Lugar: Sala (B04, piso -1, Beauchef 851)
Fecha: Lunes 26, noviembre, 2018.
Hora: 1500 – 1700hrs
Presentadora: Dr. Elsa Cazelles
Título: Statistical properties of barycenters in the Wasserstein space
Hora: 1500hrs
Abstract:
In this work, we discuss the analysis of data in the form of probability measures on R^d. The aim is to provide a better understanding of the usual statistical tools on this space endowed with the Wasserstein distance. The first order statistical analysis is a natural notion to consider, consisting of the study of the Fréchet mean (or barycenter). In particular, we focus on the case of discrete data (or observations) sampled from absolutely continuous probability measures (a.c.) with respect to the Lebesgue measure. We thus introduce an estimator of the barycenter of random measures, penalized by a convex function, making it possible to enforce its a.c. Another estimator is regularized by adding entropy when computing the Wasserstein distance. We are particularly interested in controlling the variance of these estimators. Thanks to these results, the principle of Goldenshluger and Lepski allows us to obtain an automatic calibration of the regularization parameters. We then apply this work to the registration of multivariate densities, especially for flow cytometry data. We also propose a test statistic that can compare two multivariate distributions, efficiently in terms of computational time.
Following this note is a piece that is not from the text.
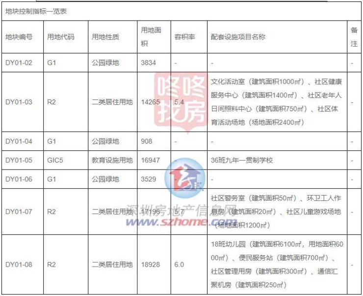 DY01-02用地性质公园绿地,用地面积3834平方米;DY01-03用地性质为二类居住用地,用地面积14265平方米,容积率5.4,配套设施项目文化活动室(建筑面积1000㎡)、社区健康服务中心(建筑面积1400㎡)、社区老年人日间照料中心(建筑面积750㎡)、社区体育活动场地(场地面积2400㎡)。

Finally, we perform a second-order statistical analysis to extract the global geometric tendency of a dataset, also called the main modes of variation. For that purpose, we propose algorithms allowing to carry out a geodesic principal components analysis in the space of Wasserstein.
Presentador: Gonzalo Ríos
Título: Bayesian learning with Wasserstein barycenters
Hora: 1600hrs
Abstract:
In this work, we introduce a novel paradigm for Bayesian learning based on optimal transport theory. Namely, we propose to use the Wasserstein barycenter of the posterior law on models, as an alternative to the maximum a posteriori estimator and Bayesian model average. We exhibit conditions granting the existence and consistency of this estimator, discuss some of its basic and specific properties, and provide insight into the theoretical advantages of the proposed estimator. Finally, we show methods and practical implementations for calculating this estimator, relying on standard sampling methods, empirical approximations and present novel stochastic gradient-based methods. This work is in collaboration with Julio Backhoff, Joaquin Fontbona and Felipe Tobar.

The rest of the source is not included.